RECORDS.
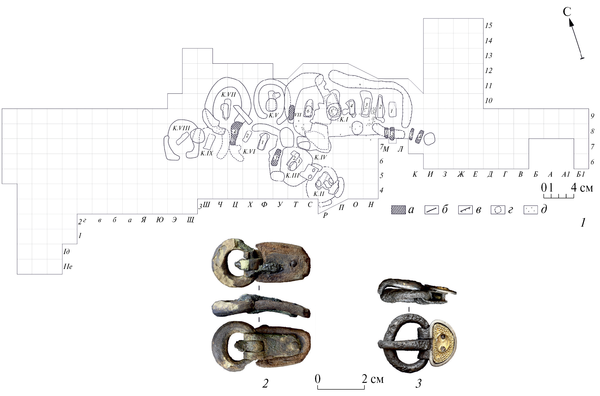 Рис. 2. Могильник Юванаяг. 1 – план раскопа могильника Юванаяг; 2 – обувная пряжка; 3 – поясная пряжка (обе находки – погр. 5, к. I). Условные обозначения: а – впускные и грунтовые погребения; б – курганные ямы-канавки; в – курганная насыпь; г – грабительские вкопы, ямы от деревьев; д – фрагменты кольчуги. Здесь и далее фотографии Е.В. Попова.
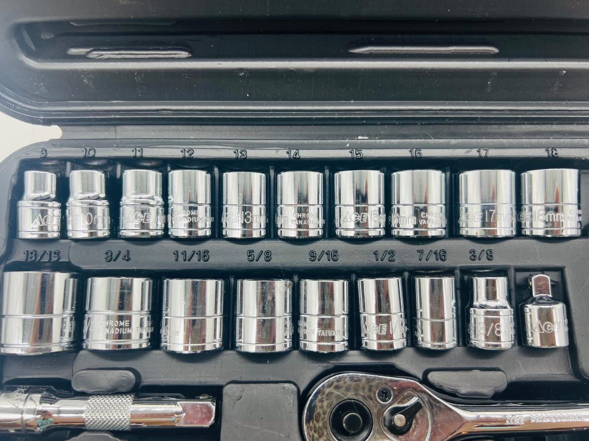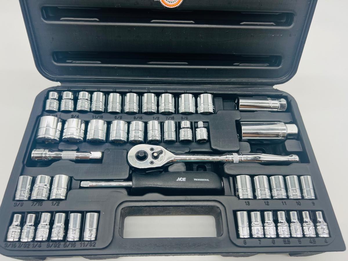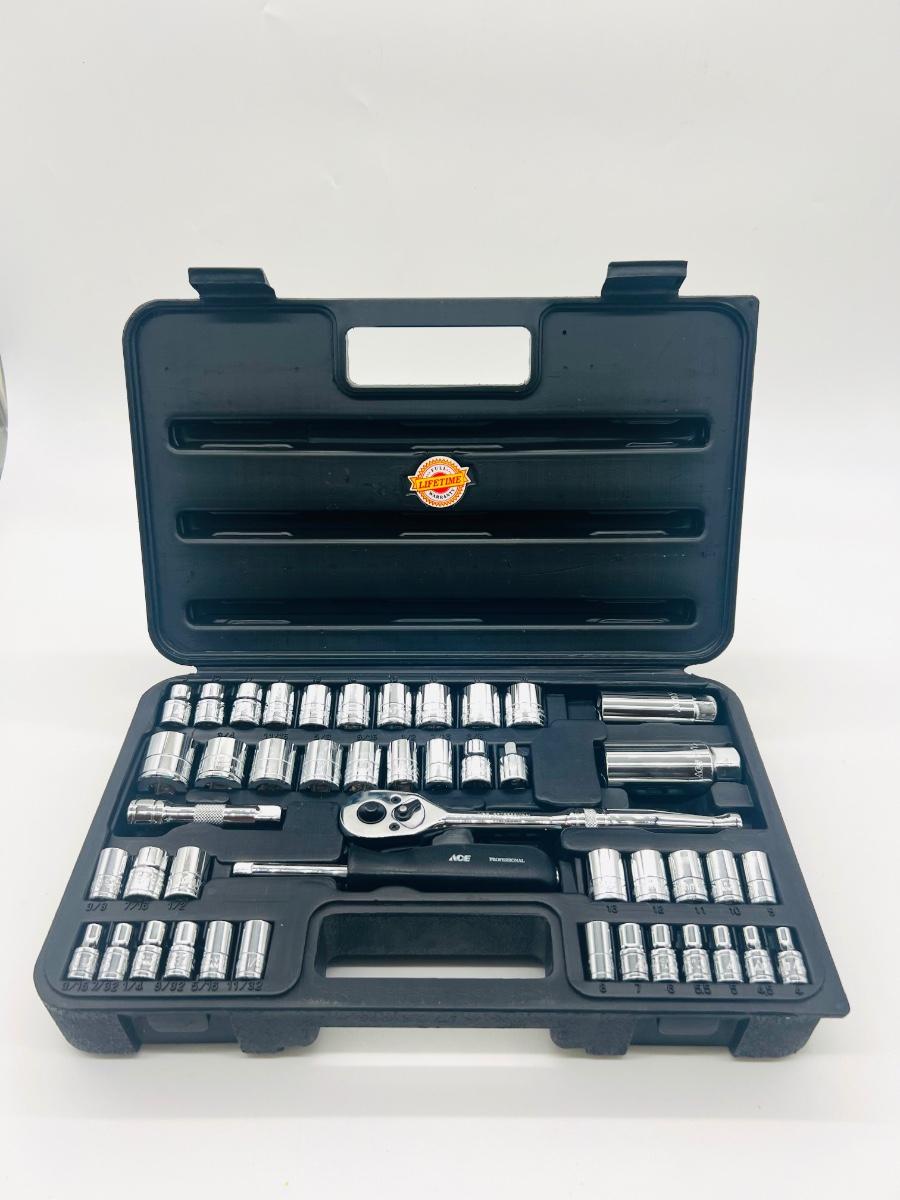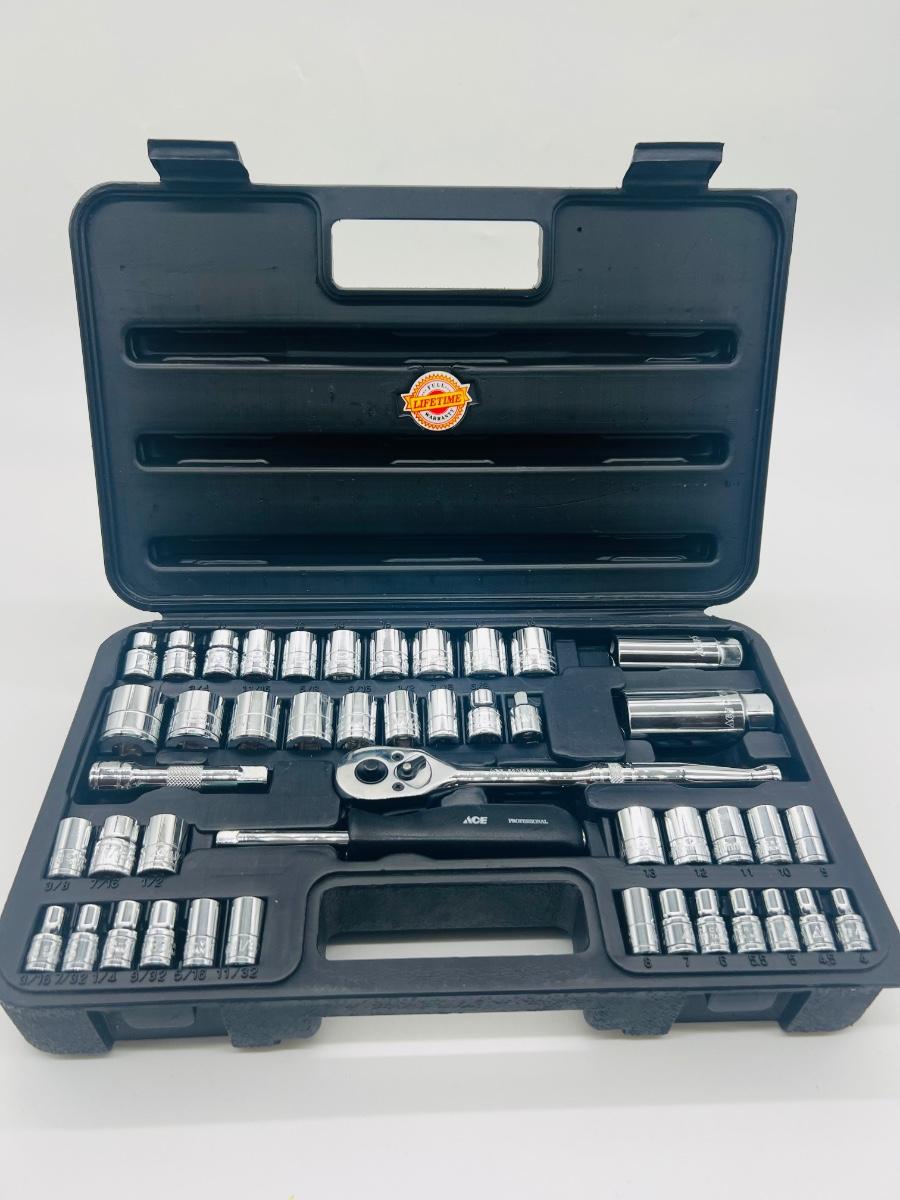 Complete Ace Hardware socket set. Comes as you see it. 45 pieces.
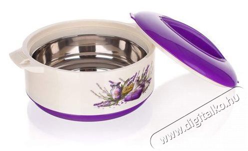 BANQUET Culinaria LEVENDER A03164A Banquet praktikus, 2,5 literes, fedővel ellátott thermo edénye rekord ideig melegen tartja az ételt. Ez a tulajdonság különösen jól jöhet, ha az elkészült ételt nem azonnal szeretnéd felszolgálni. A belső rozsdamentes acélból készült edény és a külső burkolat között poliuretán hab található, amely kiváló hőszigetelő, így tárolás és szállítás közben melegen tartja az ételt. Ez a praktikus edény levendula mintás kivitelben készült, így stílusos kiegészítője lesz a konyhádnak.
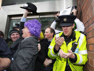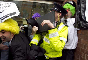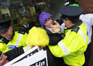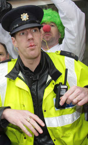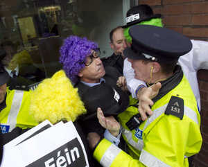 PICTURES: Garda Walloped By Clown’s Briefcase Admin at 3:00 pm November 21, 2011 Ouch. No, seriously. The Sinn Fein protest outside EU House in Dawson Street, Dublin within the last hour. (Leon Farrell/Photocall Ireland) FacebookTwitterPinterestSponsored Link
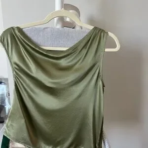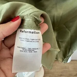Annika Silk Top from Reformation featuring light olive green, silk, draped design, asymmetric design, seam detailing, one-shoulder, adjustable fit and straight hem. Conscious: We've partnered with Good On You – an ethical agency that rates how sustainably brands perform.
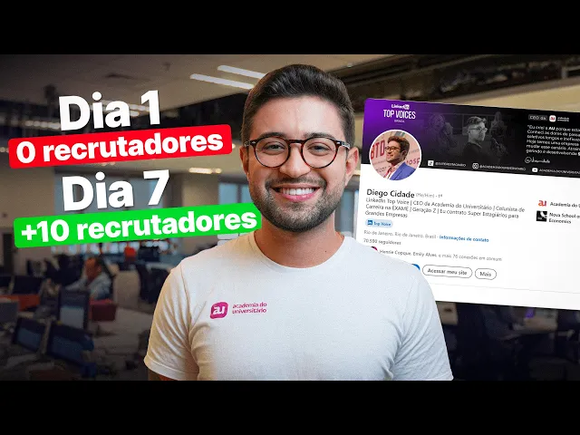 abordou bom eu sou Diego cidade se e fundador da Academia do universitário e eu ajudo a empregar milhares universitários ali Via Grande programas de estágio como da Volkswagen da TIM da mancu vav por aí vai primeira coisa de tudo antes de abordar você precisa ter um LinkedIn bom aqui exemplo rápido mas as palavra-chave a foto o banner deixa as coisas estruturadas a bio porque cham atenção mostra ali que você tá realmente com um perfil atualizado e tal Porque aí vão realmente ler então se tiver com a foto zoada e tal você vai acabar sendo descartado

WHAT TO DO. Copy word for word the lines above, starting at the line containing "BANQUET Culinaria LEVENDER" and ending at the line containing "PICTURES: Garda Walloped", inclusive, with no pictures.

TASK ANSWER.
 BANQUET Culinaria LEVENDER A03164A Banquet praktikus, 2,5 literes, fedővel ellátott thermo edénye rekord ideig melegen tartja az ételt. Ez a tulajdonság különösen jól jöhet, ha az elkészült ételt nem azonnal szeretnéd felszolgálni. A belső rozsdamentes acélból készült edény és a külső burkolat között poliuretán hab található, amely kiváló hőszigetelő, így tárolás és szállítás közben melegen tartja az ételt. Ez a praktikus edény levendula mintás kivitelben készült, így stílusos kiegészítője lesz a konyhádnak.
 PICTURES: Garda Walloped By Clown’s Briefcase Admin at 3:00 pm November 21, 2011 Ouch. No, seriously. The Sinn Fein protest outside EU House in Dawson Street, Dublin within the last hour. (Leon Farrell/Photocall Ireland) FacebookTwitterPinterestSponsored Link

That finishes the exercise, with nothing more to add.